David Wright’s playing career is probably over. Say it enough times and with enough conviction and eventually you’ll believe it. Isn’t that how it’s supposed to work?
We’ve known this since July 2015, when he was diagnosed with spinal stenosis. Or June, when he underwent neck surgery for a herniated disc. At the very least we knew it in December, when Sandy Alderson revealed that Wright hadn’t done “baseball activities” since May. This latest setback, the shoulder impingement and inability to throw a baseball, shouldn’t come as a surprise. The team gave that away when he sat in the bullpen because he couldn’t turn his head or when he showed up in the desert for the Arizona Fall League looking like a man who emptied his savings account on Mets fantasy camp in Phase 2 of a midlife crisis that started with an R-rated email to his boss. They gave it away when they hid his training sessions from reporters.
Last week, I asked Twitter for a reality check because I foolishly found myself believing. I knew it was foolish, but I couldn’t help it. The responses were predictably dark, albeit accurate (the one that described his spine as “literally being held together with duct tape and Juan Uribe’s chewing tobacco spit” was particularly painful). Then he stepped into the batter’s box and everything felt like it was going to be okay after all. He could swing a bat! After months of inaction, of silence and speculation, David Wright could swing a bat! If he could swing a bat, surely he could throw a ball across the diamond. Of course he could make diving catches and leaping grabs. Yeah, he’s frail and skinny, but look! He can swing a bat!
That’s all he can do, it turns out.
There’s no designated hitter in the National League. The David Wright we knew is gone, that much I can admit. The bright-eyed, spiky-haired boy of the mid-2000s who brought faith and joy and promise is gone, lost to MRI machines and physical therapists. Lost to a chronic, degenerative back condition.
The David Wright that remains probably can’t play baseball. That doesn’t mean he will–or should–stop trying.
On Wednesday, Wright went for a second opinion on his shoulder. Best case scenario: this was a tweak, a twinge, a minor setback. Worst case scenario, and far more likely, is that this is another line in the laundry list of terrible effects of the spinal stenosis. The second opinion, or maybe the third or the fourth, may know the answer. But no one has so far.
If Wright can’t throw, he’s done. Jose Reyes takes over at third base, or Wilmer Flores or even Kelly Johnson. Maybe Wright moves to a front office job, or he starts in Columbia on the managerial track. He’d be a good manager. Maybe he stays home with his wife and baby.
We’re all growing old at an alarming rate. Wright and Reyes were wearing terrible outfits in GQ just last week. R.A. Dickey was having the season of his life last year, not five seasons ago. We’ve grown old watching boys play catch on grass and dirt, and suddenly they’re not boys anymore. We are old and they are old.
There are no guidelines on how to retire from professional sports. Don Mattingly’s career was cut short after his own congenital back injury. David Ortiz blasted out of Fenway Park in a flurry of monstrous home runs and now posts Instagram videos from the beach. Prince Fielder slipped out after a press conference, surrounded by his family and teammates, humbled by a neck brace. There’s no AARP waiting for you after 40 years in a cubicle. So how do you decide you’re done?

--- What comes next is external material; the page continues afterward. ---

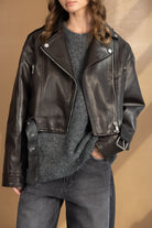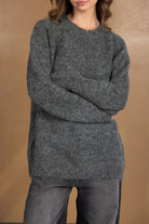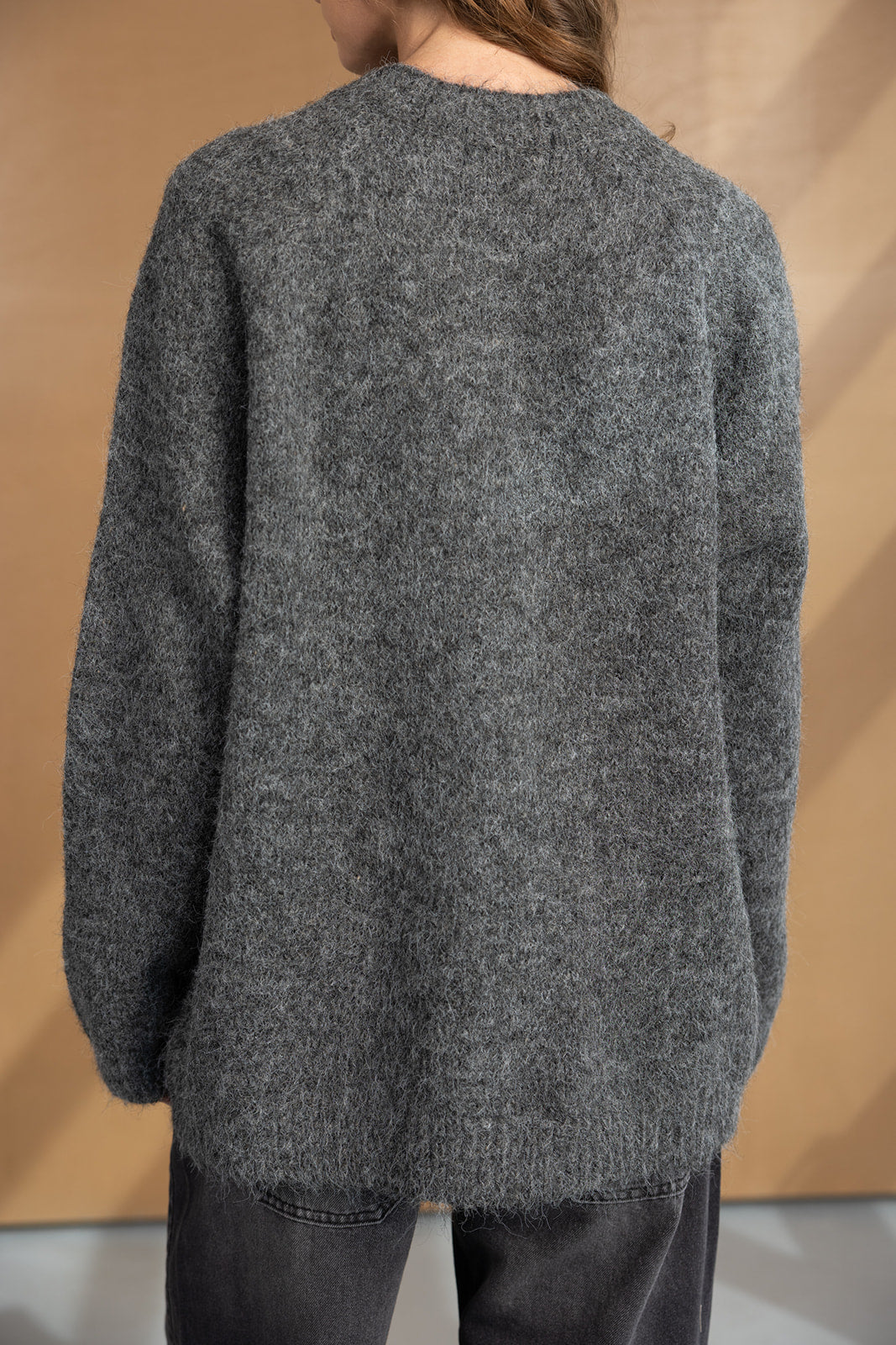 סריג אוברסייז בגזרה משוחררת, עשוי בד פלפי ורך במיוחד. מגיע עם צווארון עגול ושרוולים ארוכים.

Wright’s still owed $67 million over the next four years. Every article about his injury reminds you that he’s still owed $67 million over the next four years. The only people who should care about that are the ones cutting his check every Friday. I don’t care that the Wilpons are out $67 million over the next four years. And whether Wright decides to keep rehabbing or not likely won’t depend on that figure either. He’s made plenty of money over his career, enough to set him and his baby and his baby’s baby up for life. The money isn’t important.
When Wright signed that eight-year, $138 million extension in December 2012, it seemed like an obscene contract (in the grand scheme of things, at least; all sports contracts seem like obscene contracts to me). But the still-bright eyed third baseman left millions on the table to stay with the team that raised him and to make sure they had room in the budget to support him. He’s not exactly going hungry so the Mets could sign Jerry Blevins three years in a row, but he made a financial decision to stay in Flushing and to do his part to get the team to October.
There was the first hit off Zach Day in July 2004 and the barehanded grab in Seattle in 2005. The walkoff single in the 2009 World Baseball Classic elimination game. The fist pump in September 2015 at Nationals Park and the home run in Game 3 of the World Series. It’s a million little moments in a career that took a wrong turn on the way to Cooperstown. He’s done everything the Mets, and Mets fans, have ever asked of him and now they owe him as long as he wants to decide what comes next.
Wright deserves a ring and a trophy and a parade down Broadway. He deserves to go out in a blaze of glory, or at least to the standing ovation that he’s earned after 13 years in orange and blue. He’s been through the best and the worst the Mets have to offer, the highest highs and the lowest lows, the hope and the despair.
He’s earned the right to keep fighting.